Sorry folks, I do not have that big store right now to do tests. Do you?

Prisync review

From the start I was bashed with necessity to manually enter products (!) and links to my own product pages and all competitors I want to track (!!!). Why though?

price automation - prisync dashboard screenshot

Pricelab review

Pricelab is a significantly cheaper (starting at $20 a month) solution, but makes no real sense to use, since it lacks some vital features like competitor analysis and recommendation engine. Going with an in-house solution is definitely a better option.

So it is more or less similar with some exceptions. And what about an in-house solution?

In house solution

An in-house solution may seem to be more complicated and expensive, while in reality it can easily prove to be not just a cheaper one, but also much more flexible. Its functionality is only limited by your demands and your programmer’s professionalism. External services provide quite a lot of features, but almost none provide all at once and none at all provide unlimited set of features.

First thing you need to consider is hiring a programmer, who can handle the task of developing an in-house price regulation and personalization system. Prices may vary depending on your region, so before you take any further steps do a little research: check the prices of external services you consider using and the average hourly rate of a programmer in your region. Try evaluate how much each solution may cost you in the long term. Consider using Upwork to hire specialists that fit both your requirements and finances.

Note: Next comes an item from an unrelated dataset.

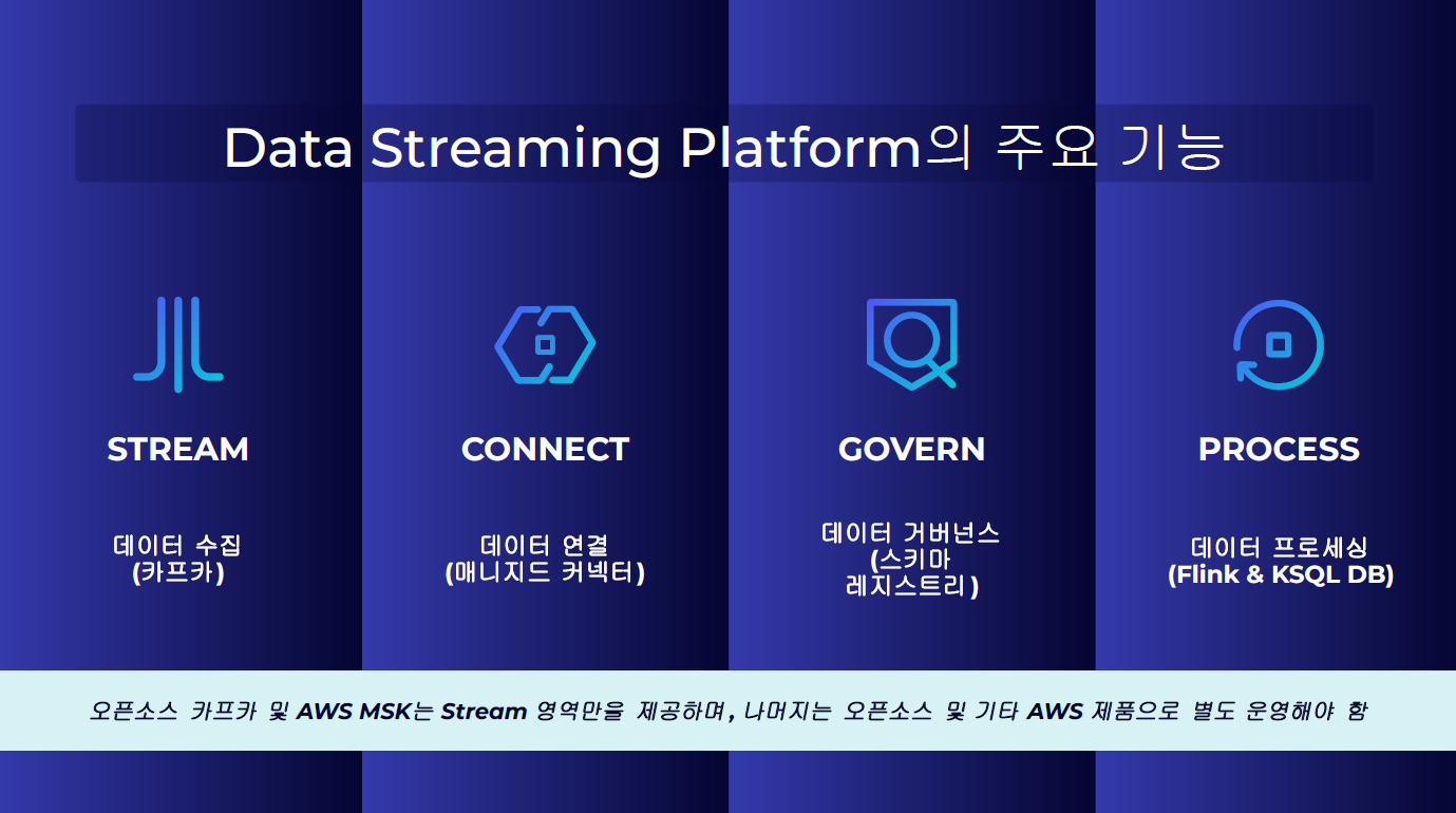 Kafka는 이벤트 스트리밍의 핵심 엔진이지만, 실제 운영 환경에서는 데이터 수집, 시스템 연계, 스키마 관리, 스트림 처리 등 다양한 구성 요소가 함께 필요합니다. 오픈소스 Kafka 또는 AWS MSK는 스트림 영역만 제공하며, 나머지 기능들은 별도의 오픈소스나 클라우드 서비스로 개별 구축·운영해야 하는 한계가 존재합니다.

We can help you calculate a cost sheet for your in-house solution, taking into account all your preferences, needs and, in case your budget is tight, help you adjust the scope of work accordingly.

To sum it up on price automation

So, there are two important aspects to consider in pricing strategy: behavior of your competitors and interests of your customers. You can handle competitors manually, but customers definitely require an automated personalization approach.

It is important to:

  • Be aware of prices and product availability of your competitors;
  • Track both current prices and price dynamics;
  • Adjust your prices according to your competition (e.g.: “find a better offer and we’ll give you a discount”);
  • Form product bundles. It creates a set of exclusive competitive offers unique to your shop;
  • Pay attention to delivery terms of your competitors (a feasible opportunity to outcompete even those with the lowest prices);
  • Use personalization platforms for ecommerce to adjust prices in real time.

Choosing a solution depends on what is more effective both functionally and financially in your particular case.